On Thursday, July 9th, WITA hosted a webinar with panelists who discussed Digital Services Taxes (DSTs) as an emerging new front in trade disputes and their nexus with trade law and policy.
Grant Aldonas, Principal Managing Director, Split Rock International, and former U.S. Undersecretary of Commerce for International Trade
Pamela Olson, Consultant, PWC, and former Assistant Secretary of the Treasury for Tax Policy
Moderator: Meredith Broadbent, Senior Adviser (Non-Resident), CSIS and former Chairman of the International Trade Commission
The webinar began with Pam Olson giving a brief overview of international norms when it comes to international taxation, as well as when those norms began to come into question. She then discussed how the debate over these norms led to the OECD project Base Erosion Profit Shifting. This project did not investigate how taxing rights should be allocated due to the U.S. push back, despite taxing rights not being directly on the table, there was certainly under the table discussion of taxing rights in the BEPS project.
Olson then provided a summary of the U.S.’ 2017 tax reform act and where those tax rules drew their inspiration from, much of which came from the BEPS project. The U.S. and the OECD came to a recognition in 2017 that it was time to reevaluate Digital Services Taxes. Olslon also went over what the U.S.’ current perspectives are on DSTs, including a newfound hesitancy for the OECDs tax proposal due to COVID-19. Olson then emphasized the need for a global agreement given the inconsistencies in DSTs across the globe.
Meredith Broadbent then followed Olson’s statement asking Olson to go over the politics of the U.S. companies that are most often subject to DSTs.
Grant Aldonas then shifted the focus of the conversation to the impacts of DSTs on trade. Aldonas clarified that DSTs are not income taxes, but taxes on gross revenue. Aldonas stated that these are “tariffs on services” and noted how this is the first time there has ever been a tariff on services. Aldonas then went in depth on the USTR’s Section 301 including how it does not limit the definition of what a trade agreement is. Aldonas discussed how DSTs raise issues based on rules of non-discrimination, specifically with the French, British, and Czech DSTs.
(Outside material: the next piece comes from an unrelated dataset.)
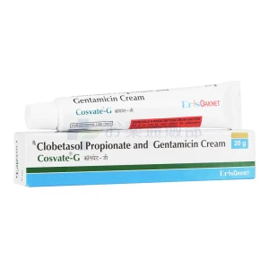コスベートGクリーム1本あたりクロベタゾールプロピオン酸エステル0.05%/ゲンタマイシン0.1%を含有しています。
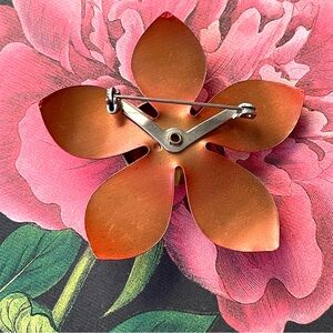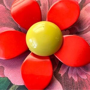 Vintage enamel on copper 5 petal flower power brooch orange yellow mod

He went on further to discuss how India’s taxes violate GATT rules.
Aldonas concluded his remarks by focusing on the economic harm that comes from DSTs. Aldonas stated that these economic harms should be used to motivate and outline the regulations for DSTs. He also left us with his prediction on what he thinks the future of this problem holds, remarking how he believes it will only metastasize as governments look to widen the tax base, post COVID-19.
The webinar then concluded with a Q & A session that featured questions on domestic interest in DSTs, what companies could be subject to DSTs, DST models and how they differ, and more.